Transcribe exactly the lines below that begin at the line with "2-rhg bracelet with" and stop after the line with "Яркая паста в", leaving out every picture.
GIVEN INFORMATION below:
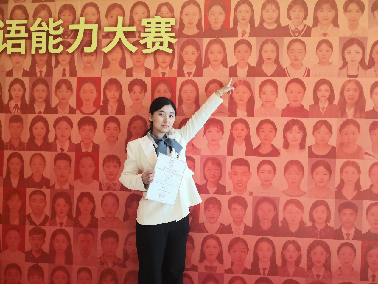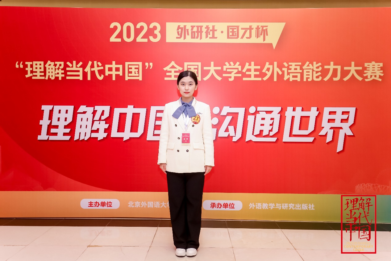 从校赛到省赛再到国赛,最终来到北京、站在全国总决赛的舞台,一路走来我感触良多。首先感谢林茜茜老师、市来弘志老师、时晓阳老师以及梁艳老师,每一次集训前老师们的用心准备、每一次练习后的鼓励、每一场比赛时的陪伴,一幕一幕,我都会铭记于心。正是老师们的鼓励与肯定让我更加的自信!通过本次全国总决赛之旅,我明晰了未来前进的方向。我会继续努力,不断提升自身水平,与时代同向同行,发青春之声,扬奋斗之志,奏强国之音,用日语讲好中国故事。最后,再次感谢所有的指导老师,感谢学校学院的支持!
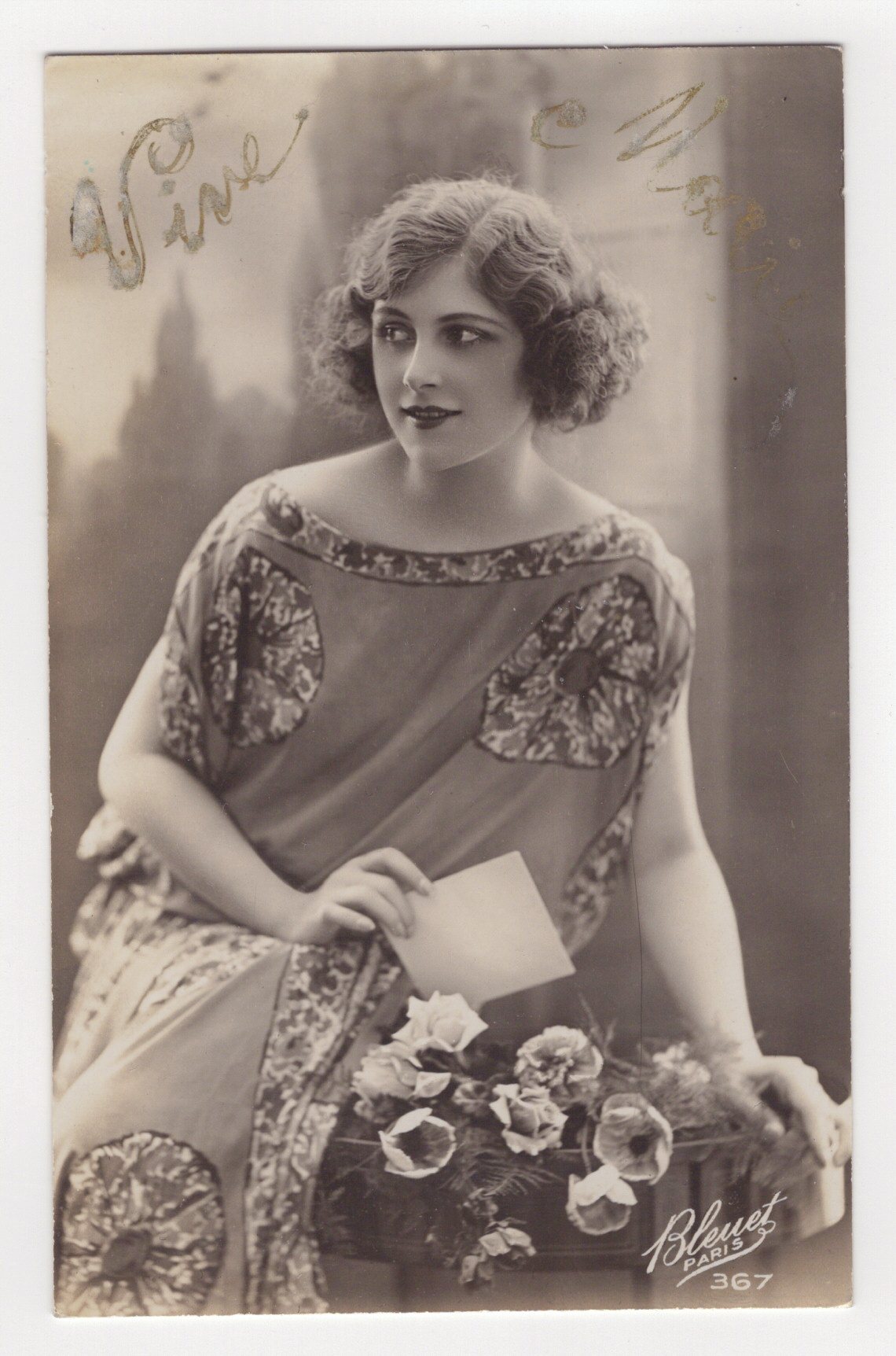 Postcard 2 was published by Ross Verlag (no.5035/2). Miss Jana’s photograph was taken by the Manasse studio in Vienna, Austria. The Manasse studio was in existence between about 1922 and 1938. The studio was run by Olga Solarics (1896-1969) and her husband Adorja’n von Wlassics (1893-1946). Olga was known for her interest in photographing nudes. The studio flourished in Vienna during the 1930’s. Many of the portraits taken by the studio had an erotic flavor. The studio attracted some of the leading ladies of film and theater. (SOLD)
End of GIVEN INFORMATION.
GIVEN INFORMATION below:
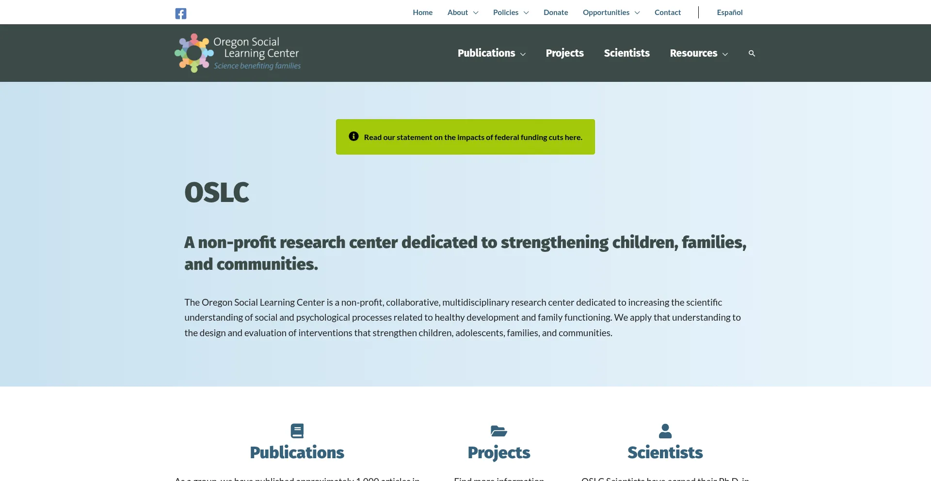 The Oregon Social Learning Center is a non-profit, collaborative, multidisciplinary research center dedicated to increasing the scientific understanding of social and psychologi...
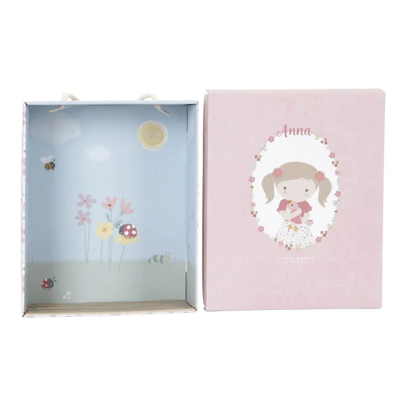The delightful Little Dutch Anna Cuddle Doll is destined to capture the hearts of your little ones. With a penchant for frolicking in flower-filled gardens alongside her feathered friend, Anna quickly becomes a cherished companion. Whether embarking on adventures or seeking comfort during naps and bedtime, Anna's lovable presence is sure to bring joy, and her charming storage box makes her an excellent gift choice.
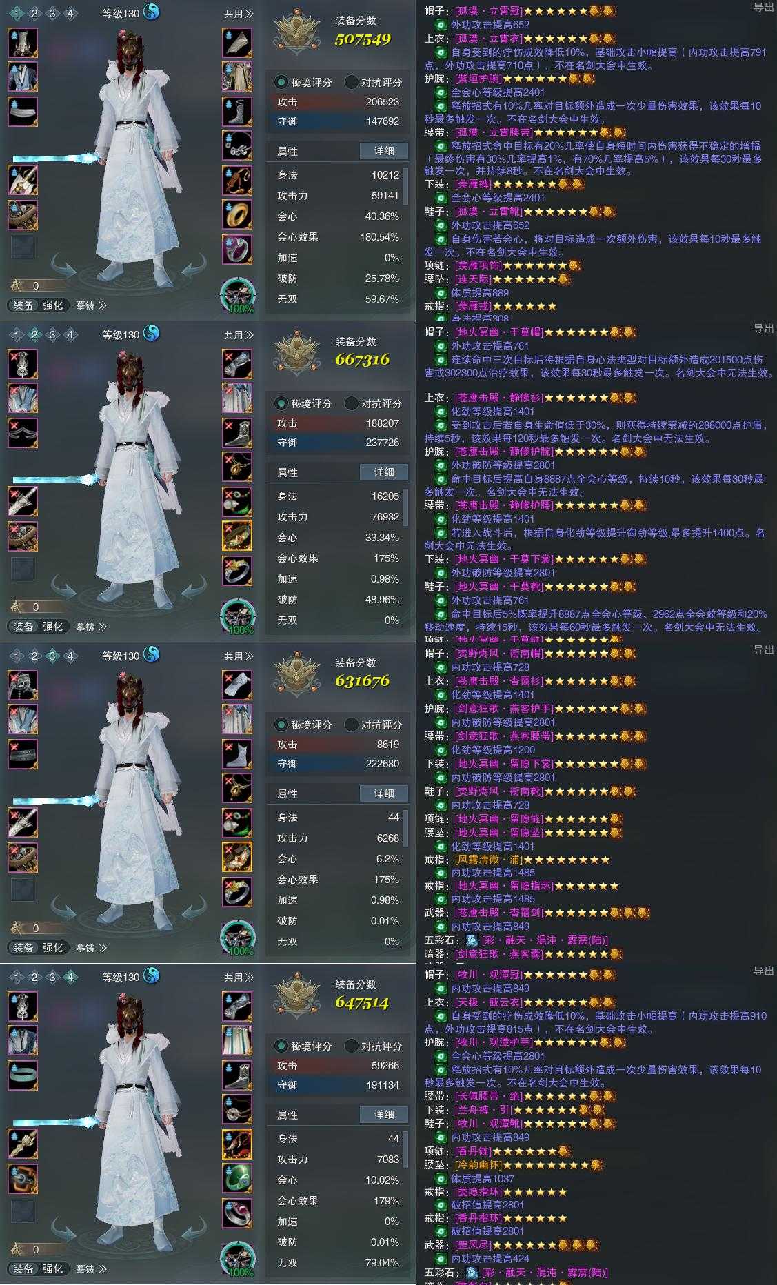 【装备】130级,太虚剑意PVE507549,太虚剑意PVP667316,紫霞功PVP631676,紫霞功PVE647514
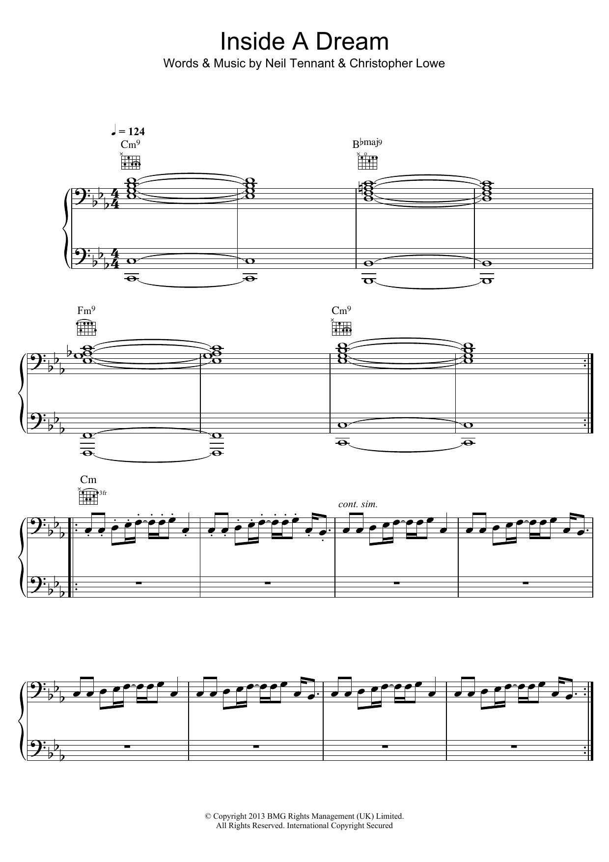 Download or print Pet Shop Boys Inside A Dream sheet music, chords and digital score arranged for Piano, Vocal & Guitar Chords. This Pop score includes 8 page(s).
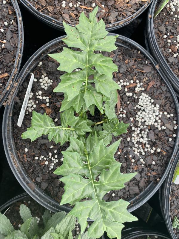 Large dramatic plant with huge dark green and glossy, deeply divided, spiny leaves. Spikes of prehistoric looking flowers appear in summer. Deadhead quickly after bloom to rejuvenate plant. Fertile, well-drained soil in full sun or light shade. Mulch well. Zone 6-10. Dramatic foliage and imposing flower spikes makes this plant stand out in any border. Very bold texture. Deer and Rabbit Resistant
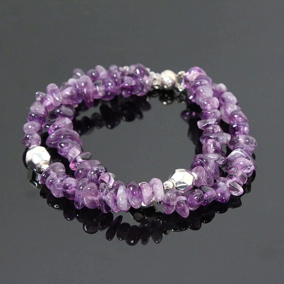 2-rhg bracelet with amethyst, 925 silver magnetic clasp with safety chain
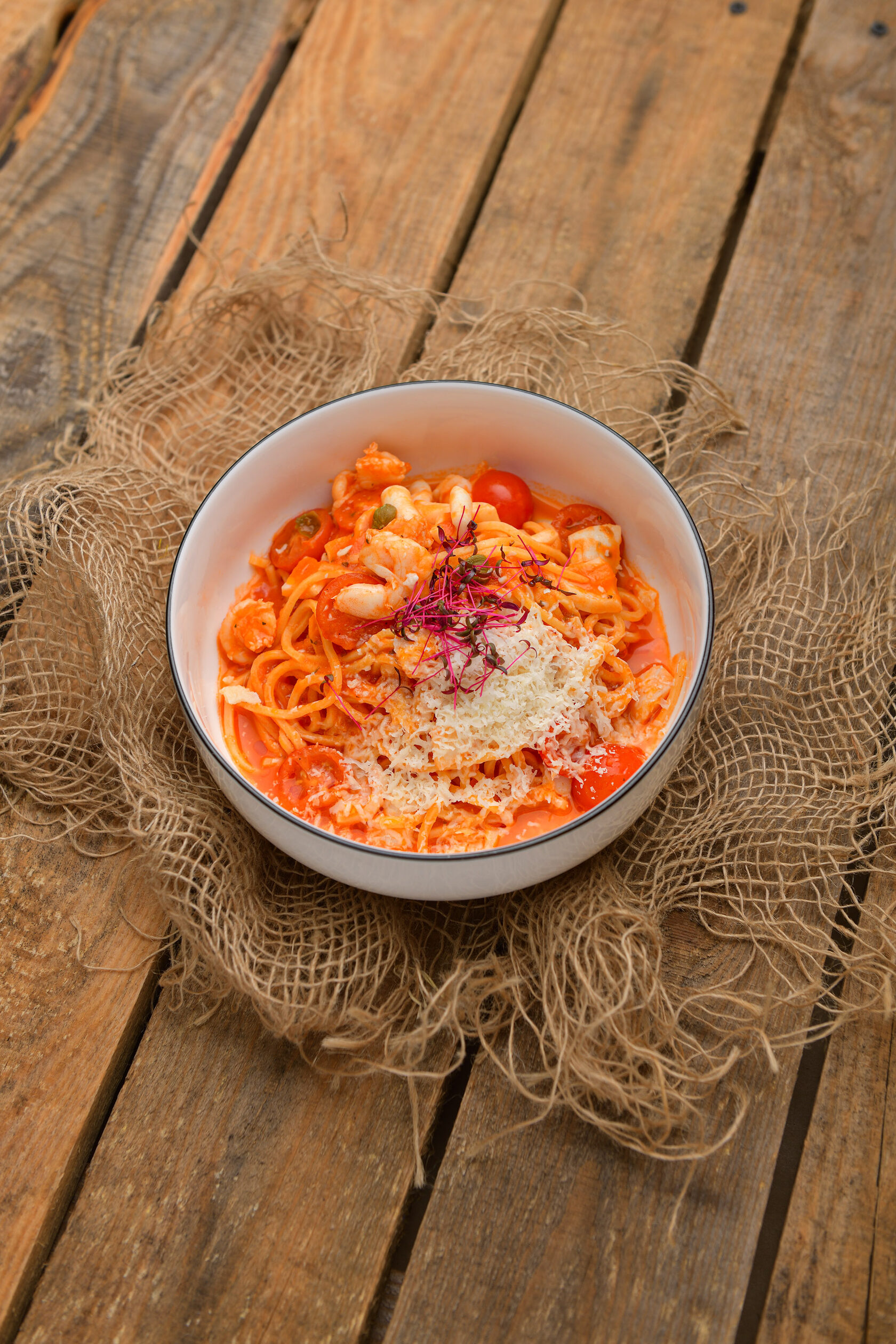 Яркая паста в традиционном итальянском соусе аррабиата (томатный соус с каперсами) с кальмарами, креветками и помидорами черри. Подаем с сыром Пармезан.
End of GIVEN INFORMATION.
GIVEN INFORMATION below:
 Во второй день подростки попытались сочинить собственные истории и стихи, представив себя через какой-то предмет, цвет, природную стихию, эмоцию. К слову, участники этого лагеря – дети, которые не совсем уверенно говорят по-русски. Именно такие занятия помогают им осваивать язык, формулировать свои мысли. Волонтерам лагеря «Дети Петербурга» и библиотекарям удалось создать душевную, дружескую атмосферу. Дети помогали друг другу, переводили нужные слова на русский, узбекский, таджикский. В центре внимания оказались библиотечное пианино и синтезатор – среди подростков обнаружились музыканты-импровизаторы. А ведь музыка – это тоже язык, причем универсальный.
End of GIVEN INFORMATION.
RESPONSE
 2-rhg bracelet with amethyst, 925 silver magnetic clasp with safety chain
 Яркая паста в традиционном итальянском соусе аррабиата (томатный соус с каперсами) с кальмарами, креветками и помидорами черри. Подаем с сыром Пармезан.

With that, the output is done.